## [Task data]
- Opening Delimiter -
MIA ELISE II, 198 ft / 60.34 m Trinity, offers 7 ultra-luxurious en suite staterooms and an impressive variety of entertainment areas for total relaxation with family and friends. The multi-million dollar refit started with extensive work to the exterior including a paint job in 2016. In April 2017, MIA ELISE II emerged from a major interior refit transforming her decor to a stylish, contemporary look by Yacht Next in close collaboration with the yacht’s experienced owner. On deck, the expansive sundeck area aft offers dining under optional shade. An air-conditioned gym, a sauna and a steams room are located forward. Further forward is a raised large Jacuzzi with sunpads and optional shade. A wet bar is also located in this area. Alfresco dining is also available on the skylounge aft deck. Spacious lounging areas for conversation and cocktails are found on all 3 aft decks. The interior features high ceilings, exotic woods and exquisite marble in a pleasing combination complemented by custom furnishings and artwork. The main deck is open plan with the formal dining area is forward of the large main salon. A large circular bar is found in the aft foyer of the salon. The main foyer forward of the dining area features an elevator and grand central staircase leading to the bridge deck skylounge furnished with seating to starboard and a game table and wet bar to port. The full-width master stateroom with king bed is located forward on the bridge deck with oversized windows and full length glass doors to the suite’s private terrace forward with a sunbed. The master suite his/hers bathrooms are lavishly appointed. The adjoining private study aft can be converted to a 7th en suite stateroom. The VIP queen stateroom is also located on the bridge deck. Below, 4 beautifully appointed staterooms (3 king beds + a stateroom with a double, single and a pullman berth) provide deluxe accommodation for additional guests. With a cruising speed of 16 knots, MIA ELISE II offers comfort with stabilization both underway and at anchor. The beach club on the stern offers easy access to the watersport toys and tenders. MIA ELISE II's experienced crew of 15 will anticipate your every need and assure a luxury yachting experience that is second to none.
- Closing Delimiter -
- Opening Delimiter -
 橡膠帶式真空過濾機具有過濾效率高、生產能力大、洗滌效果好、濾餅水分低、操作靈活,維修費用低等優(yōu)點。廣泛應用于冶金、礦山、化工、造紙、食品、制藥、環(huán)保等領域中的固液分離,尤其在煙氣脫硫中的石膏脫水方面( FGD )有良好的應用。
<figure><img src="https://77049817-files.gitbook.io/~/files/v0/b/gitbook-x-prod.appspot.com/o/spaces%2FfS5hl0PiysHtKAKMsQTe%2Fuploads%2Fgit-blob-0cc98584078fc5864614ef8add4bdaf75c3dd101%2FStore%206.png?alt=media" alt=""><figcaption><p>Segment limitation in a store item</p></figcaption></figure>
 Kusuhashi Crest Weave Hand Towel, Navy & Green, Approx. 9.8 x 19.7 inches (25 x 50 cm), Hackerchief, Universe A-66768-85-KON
- Closing Delimiter -
## [Task instructions]
Working from the data above, extract solely the lines from the one containing "a store item</p></figcaption></figure>" through the one containing "Kusuhashi Crest Weave", exactly as they appear, both included.

## [Task output]
<figure><img src="https://77049817-files.gitbook.io/~/files/v0/b/gitbook-x-prod.appspot.com/o/spaces%2FfS5hl0PiysHtKAKMsQTe%2Fuploads%2Fgit-blob-0cc98584078fc5864614ef8add4bdaf75c3dd101%2FStore%206.png?alt=media" alt=""><figcaption><p>Segment limitation in a store item</p></figcaption></figure>
 Kusuhashi Crest Weave Hand Towel, Navy & Green, Approx. 9.8 x 19.7 inches (25 x 50 cm), Hackerchief, Universe A-66768-85-KON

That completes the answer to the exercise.